SAN FRANCISCO (KGO) -- Even in the month of May, one can expect fog and gusty winds in Crissy Fields in San Francisco's Presidio. But one thing that most do not expect is crime.
"I come here to walk. And no, I have never felt unsafe - in decades," explains Jamie, a Marin resident who comes to the park to walk with friends.
But the union representing park police wants people to stay away.
"Right now, my officers are not safe because they don't have enough people to conduct the mission out there. And if they are not safe, the public certainly isn't safe," says Kenneth Spencer, Chairman of the United States Park Police Fraternal Order of Police, or USPPFOP.

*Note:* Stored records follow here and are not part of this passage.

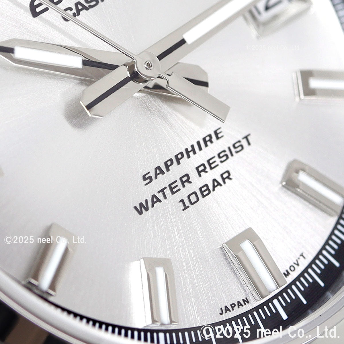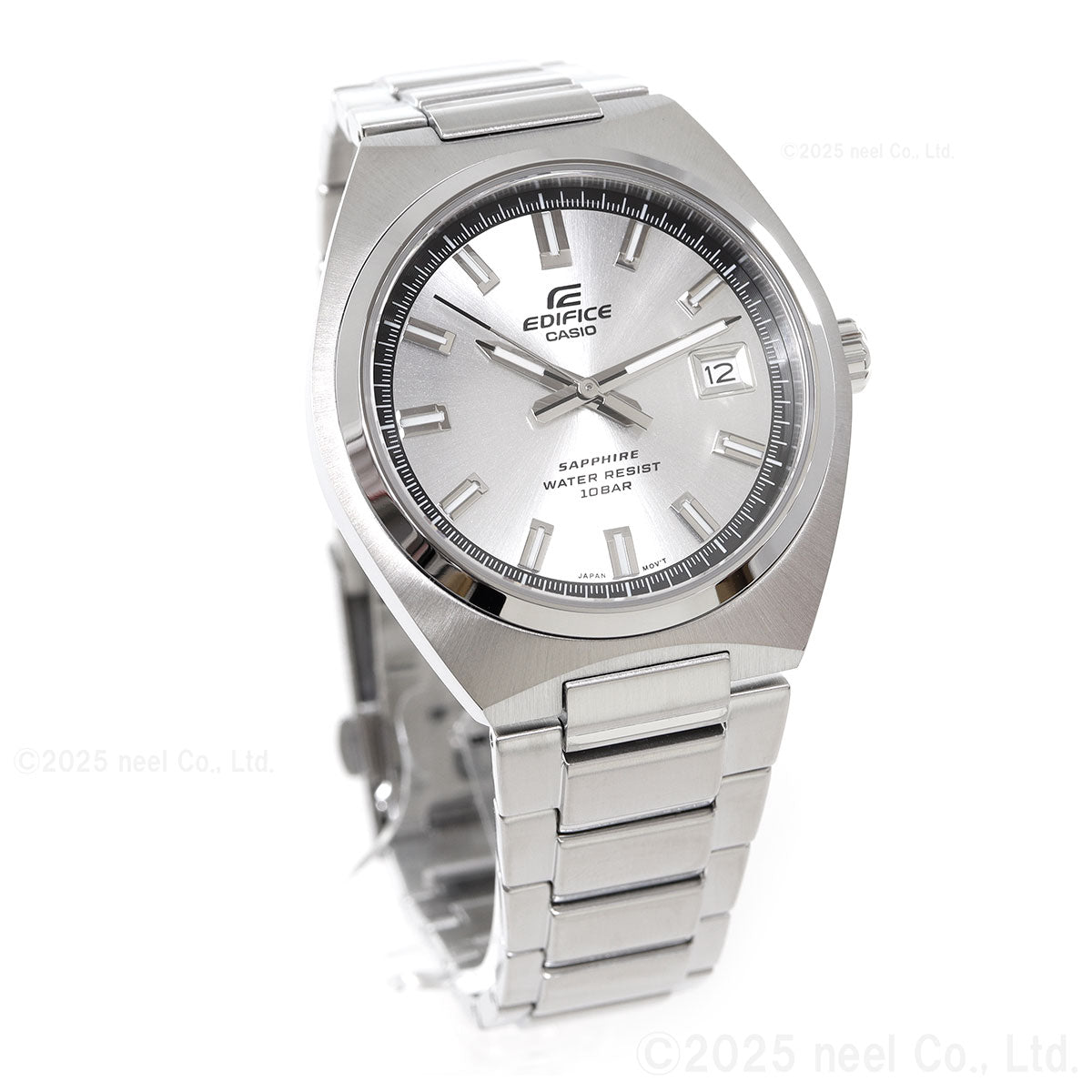 モータースポーツコンセプトのEDIFICEから、クラシックスポーツカーをイメージしてデザインした3針アナログモデルです。クラシックな印象のラウンド形状のステンレススチールケースとミラー仕上げの細身のベゼルが個性的です。ケースには放射状に筋目が入り硬質感を演出します。EFB-109DJ-7AJFのシルバー文字板は中心から放射状に細かな線が広がるサンレイ仕上げを施しています。サファイアガラス、ステンレススチールケース、無垢のステンレススチールバンドのクラシックでスポーティな10気圧防水モデルです。カジュアルからビジネスまで、幅広いシーンで個性を主張できるデザインです。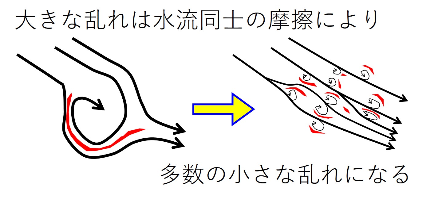 大きな抵抗で生じた大きな渦巻は、水流同士の摩擦により小さな乱れの集まりに散っていきます。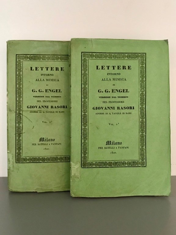 2 volumi in-8° (cm. 21,8), brossure editoriali a stampa verdi (piccola mancanza ad un angolo); pp. XXVIII 251 [1b], 239 [1] in ottimo stato, in barbe, con 60 espressioni di mimica incise in rame in 34 tavole fuori testo; leggero alone alle ultime carte del secondo volume. Dedicatoria a Luigi Porro Lambertenghi. Esemplare molto buono. (NG6-2c)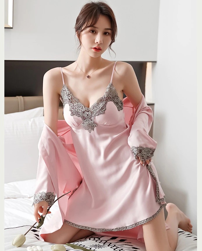 5 шт. шелковый халат, костюм для сна, женский кружевной Атласный пижамный комплект ночная сорочка с V-образным вырезом одежда для сна Пижама, Женская Весенняя ночная рубашка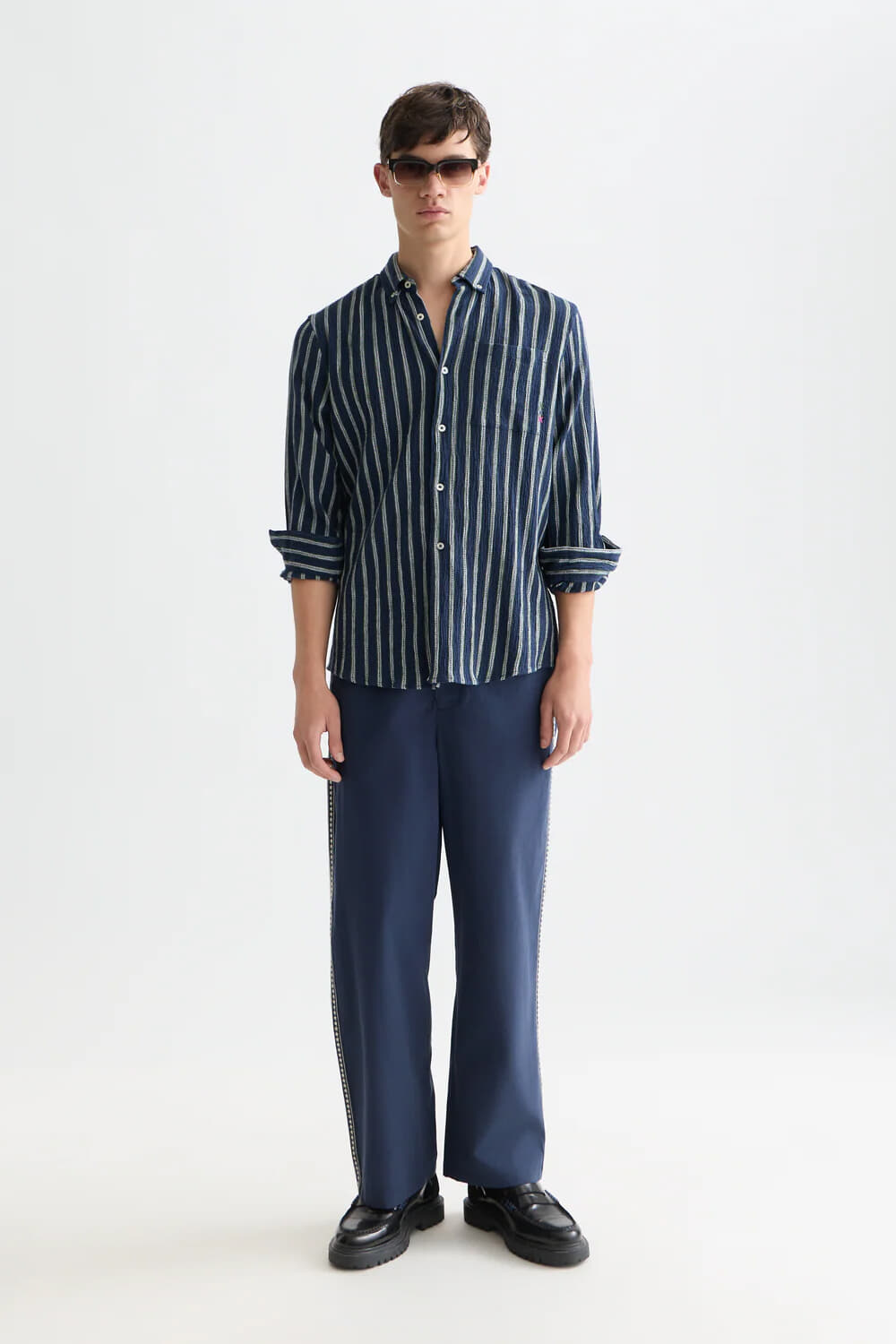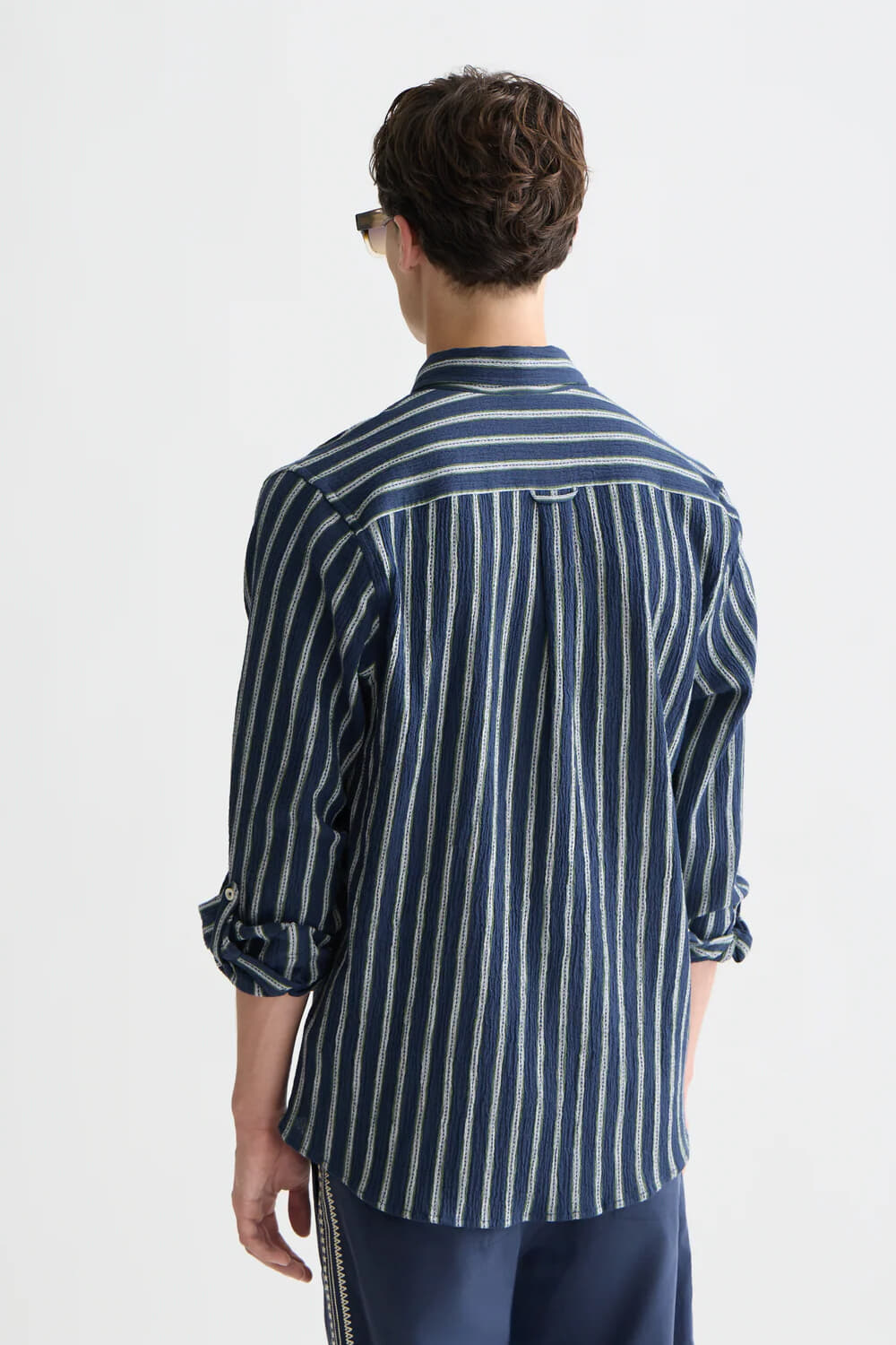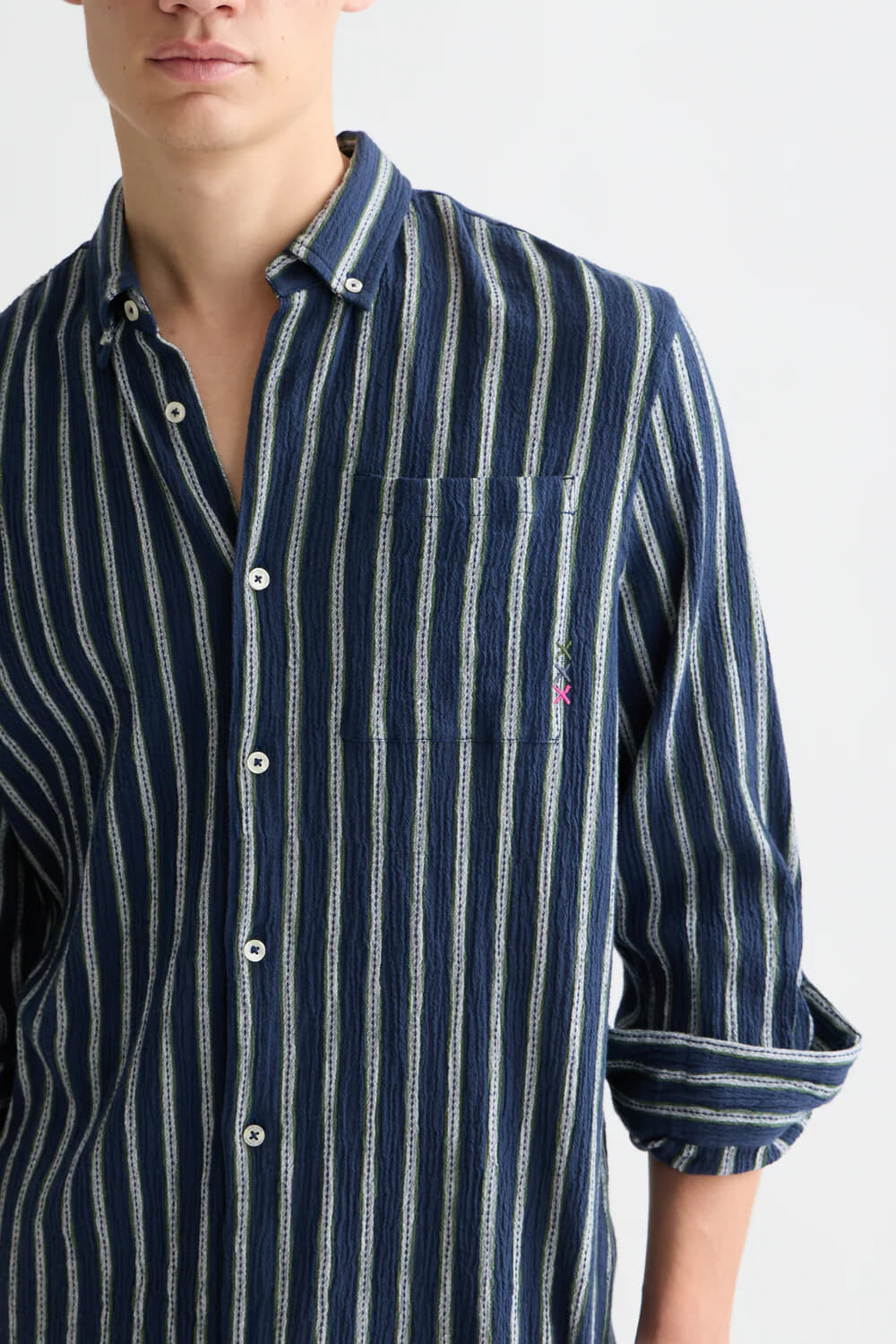 Het Overshirt Striped crinkle structure regular van Scotch & Soda is een stijlvol heren overshirt met een button down kraag, lange mouwen en strepen. Het heeft praktische zakken aan de voorzijde en een comfortabele sluiting met knopen, ideaal voor casual gelegenheden.

Spencer issued a warning, in which he writes, "Due to an officer staffing crisis at the agency's San Francisco Field Office, families should avoid unnecessary travel to the Golden Gate National Recreational Area and the Presidio. Simply put, they are not safe."
"I just looked at detail from 2005. We had eight officers on duty every day, on all shifts. Right now, we have three total. And they are supposed to be at the Presidio," says Spencer, in an interview with ABC7 News.
He says the San Francisco field office is supposed to have 83 sworn officers. Currently, there are just 32 - and only 11 on patrol.
"(Crissy Fields) isn't a place that I would think would require a lot of police. It doesn't occur to me that there would a lot of crime here. So, even hearing that, I think it still doesn't concern me," says Jamie.
But Spencer says patrons should be concerned. According to the USPPFOP, just from October 2021 to April 2022, there have been 9,511 calls for service, more than 3,000 for emergencies, 193 for burglaries and 114 for fires.
"During the daytime, I feel fine. But I probably wouldn't come out here at night," says Samara Lee, who lives in San Francisco.
In an email to ABC7 News, the Golden Gate National Reaction Association, or GGNRA, says they "disagree with the assertion of the FOP," and that public safety is its top priority.
Twiname goes on to say that USPP current staffing in San Francisco includes patrol officers, detectives, identification technicians, canine officers and horse mounted officers.
He admits that USPP has seen a decrease in staffing over the past decade, adding that, "Restoring staffing capacity across the National Park Service is apriority of NPS leadership and is reflected in the 2022 and 2023 NPS budget requests."
Spencer says the big issue is pay. He says U.S. Park Police officers' starting salary is $67,769 a year, compared to the San Francisco Police Department, with a starting salary of $92,560.
Spencer hopes a new bipartisan bill in Congress will help with staffing.